Exercise-induced dyspnea
Exercise-induced dyspnea is a special situation. Exercise-induced asthma is clinically diagnosed based on dyspnea, with or without wheezing, during exercise. Some patients who have exercise-induced asthma respond very well to pretreatment with bronchodilators or cromolyn, but some do not improve. When nonimprovers are subjected to formal cardiopulmonary exercise testing, many are found to have nonasthmatic diagnoses: laryngomalacia, vocal cord dysfunction, chest wall restriction, hyperventilation, and supraventricular tachycardia. In over half of the nonimprovers, the dyspnea is a normal response to exercise, and no illness is present .

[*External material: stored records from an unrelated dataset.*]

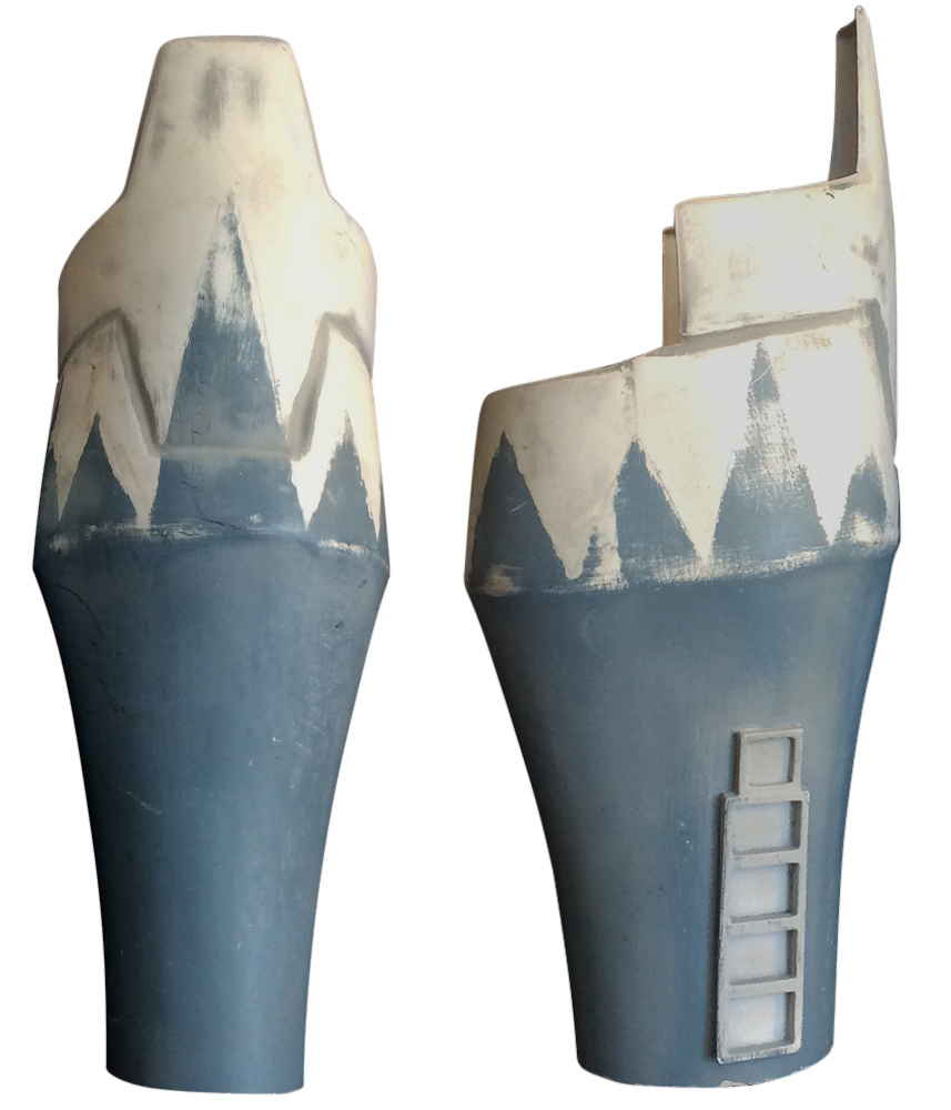 - Much of the lower forearm pieces are painted with Blue-gray markings consisting of pointed peaks of varying heights.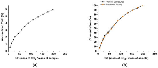 Results obtained for the overall extraction curves for (a) yield in mass (g) of accumulated extract versus S/F and (b) yield of phenolic compounds (%) and antioxidant activity (%) versus S/F (mass of CO2/mass of sample) (cumulative values).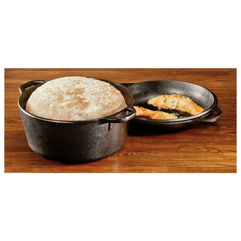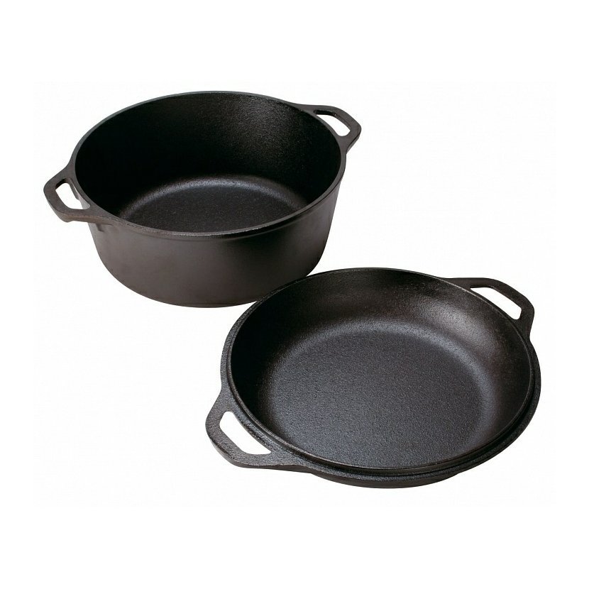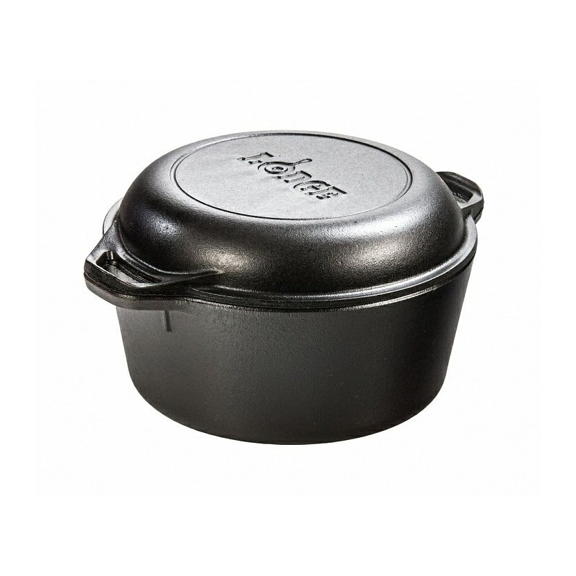 Litinový hrnec o objemu 4,7l s poklicí, kterou lze využít i jako pánev o průměru 26cm. Originální americké litinové pánve a hrnce LODGE lze použít nejen na grilu a přímém ohni, ale také na plynových a elektrických sporácích, v troubě, ale zejména na idukční desce. Čím déle se litinové nádobí používá, tím lepších výsledků při vaření docílíte. Při správné péči o litinové nádobí vydrží i déle než 100 let. Litinové nádobí je určené k tepelné úpravě potravin na tuku ! Litinové nádobí je ideální pro přípravu steaků, smažení, fritivání, pečení, dušení.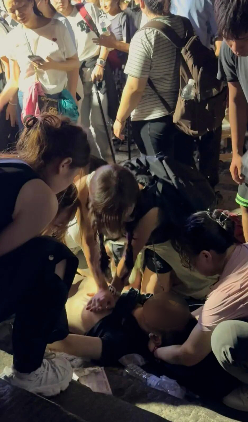 夜爬泰山的人群中突然传来一声惊呼,一名男性游客突然倒地,瞬间失去意识。就在大家手忙脚乱之际,一个身影挤了过去,跪地、判断、为患者做心肺复苏、人工呼吸……直至等来救援人员。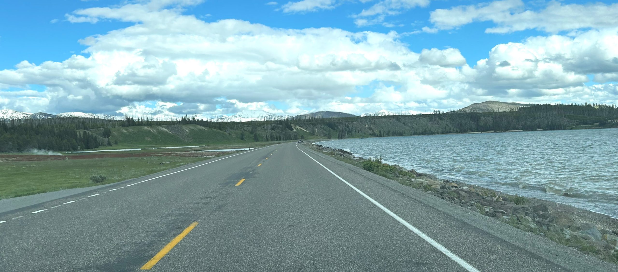 By this time it was already late in the afternoon. We drove back past Yellowstone Lake, stopping only long enough to see the Grizzly Bear (see separate post). We then had the long, but pretty, drive back to Cody.
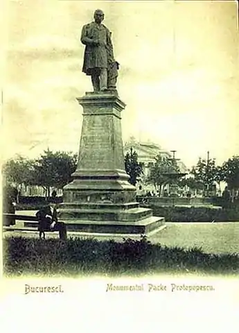 Statuia lui Emanoil Pake-Protopopescu a fost realizată în anul 1903 din marmură albă de Carrara de către sculptorul Ion Georgescu și a fost demolată în anul 1948 de autoritățile comuniste.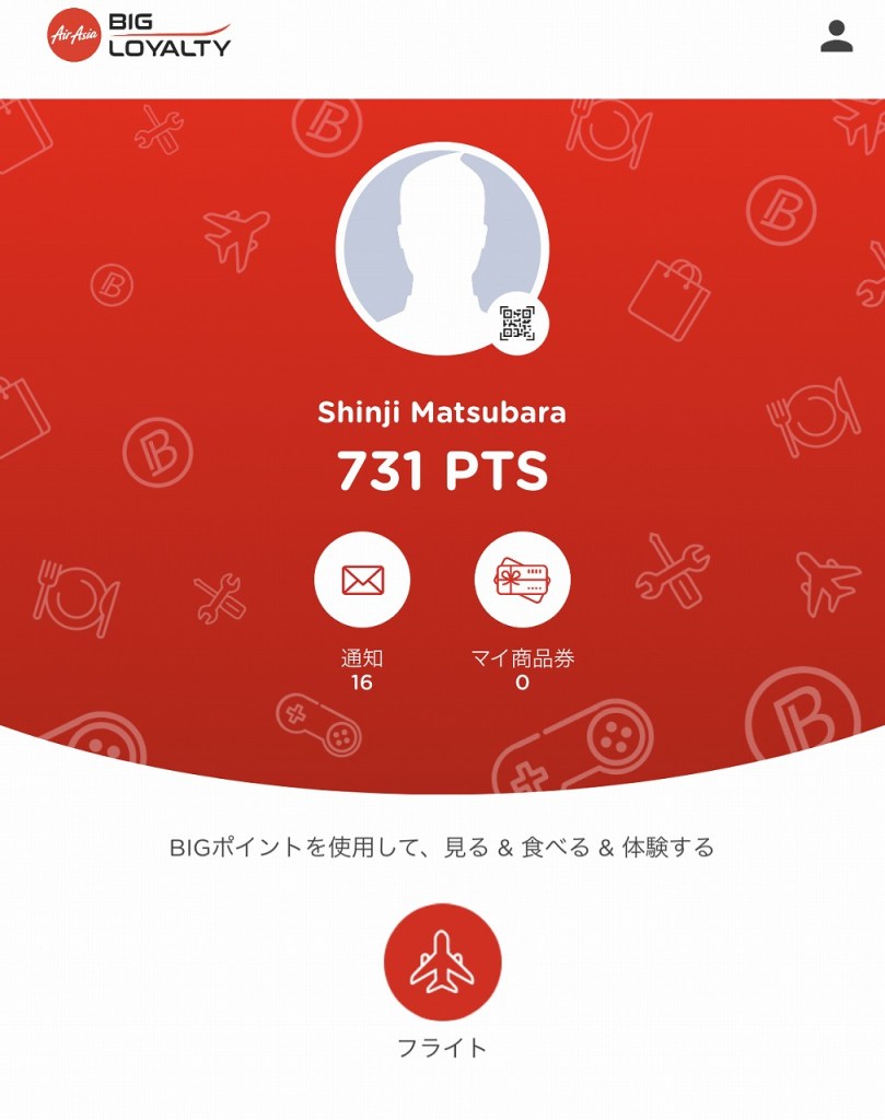 アプリ内でエアアジアBigPointと連携しておくことでポイントが貯まります。

The presence of dyspnea is a useful symptom in identifying possible asthma, but the expressed level of dyspnea cannot be used to assess the severity of disease without additional, objective information, and dyspnea also may be absent. Dyspnea is a symptom common to many diseases, so that when objective tests are not definitive, or when therapy is not successful, the differential diagnosis is wide. One of the most difficult illnesses to differentiate is chronic obstructive pulmonary disease (COPD). Asthma and COPD may occur together, particularly in asthmatics who have smoked, and in about one third of cases may be diagnostically inseparable . In some cases of severe asthma, there may be no indication of reversible obstruction on initial spirometry, but reversibility can be detected after inhaled steroid therapy. Other asthma mimics that typically cause wheezing or cough were discussed previously. In addition, there are many causes of chronic lung inflammation that produce dyspnea: pulmonary fibrosis, hypersensitivity pneumonitis, sarcoidosis, allergic bronchopulmonary Aspergillosis, Wegener’s granulomatosis, and autoimmune interstitial pneumonitis . Pulmonary emboli also present with dyspnea and, rarely, also with wheezing. Alpha-1 antitrypsin deficiency is common, may occur with or without asthma, and should be sought when dyspnea and/or spirometry are worsening.
Mucus hypersecretion
As a symptom of asthma, phlegm production has been underappreciated, although mucus hypersecretion contributes to airflow limitation, hyperreactivity, morbidity, and mortality . About 9% of asthma patients produce profuse quantities of bronchorrheic sputum during attacks , and many asthmatics complain of excessive phlegm or coughing up mucus balls. In fatal asthma, marked increases in goblet cells are seen, and the mucins secreted by these cells seem to cling to the cells, producing obstructive mucus plugs rather than being cleared by ciliary function . Rheologic properties of asthmatic mucus are altered, so that the secretions are both more adhesive and less fluid . In fact, asthmatic mucus is much more difficult to cough up than is mucus produced in patients who have COPD. Mucociliary clearance is known to be impaired in asthma, probably because of both inflammation and oxidant injury . In stable, mild asthma, mucociliary clearance is decreased significantly, and during severe attacks requiring hospital care, mucociliary clearance is not measurable . Following acute attacks, mucociliary clearance does improve, but it recovers much more slowly than does obstruction. Profuse mucus production is an indicator of poor asthma control , and mucus hypersecretion is reduced when adequate corticosteroid treatment is given . Excess mucus production is generally correlated with severe asthma and with increased morbidity and mortality . In children, cough with mucus production for longer than 6 weeks should be investigated for chronic bacterial infection, cystic fibrosis, hypogammaglobulinemia, and other nonasthmatic causes . Although mucus hypersecretion occurs in other lung diseases, complaints of excess phlegm indicate a need for spirometry and consideration of asthma, and potentially serious asthma, as the cause.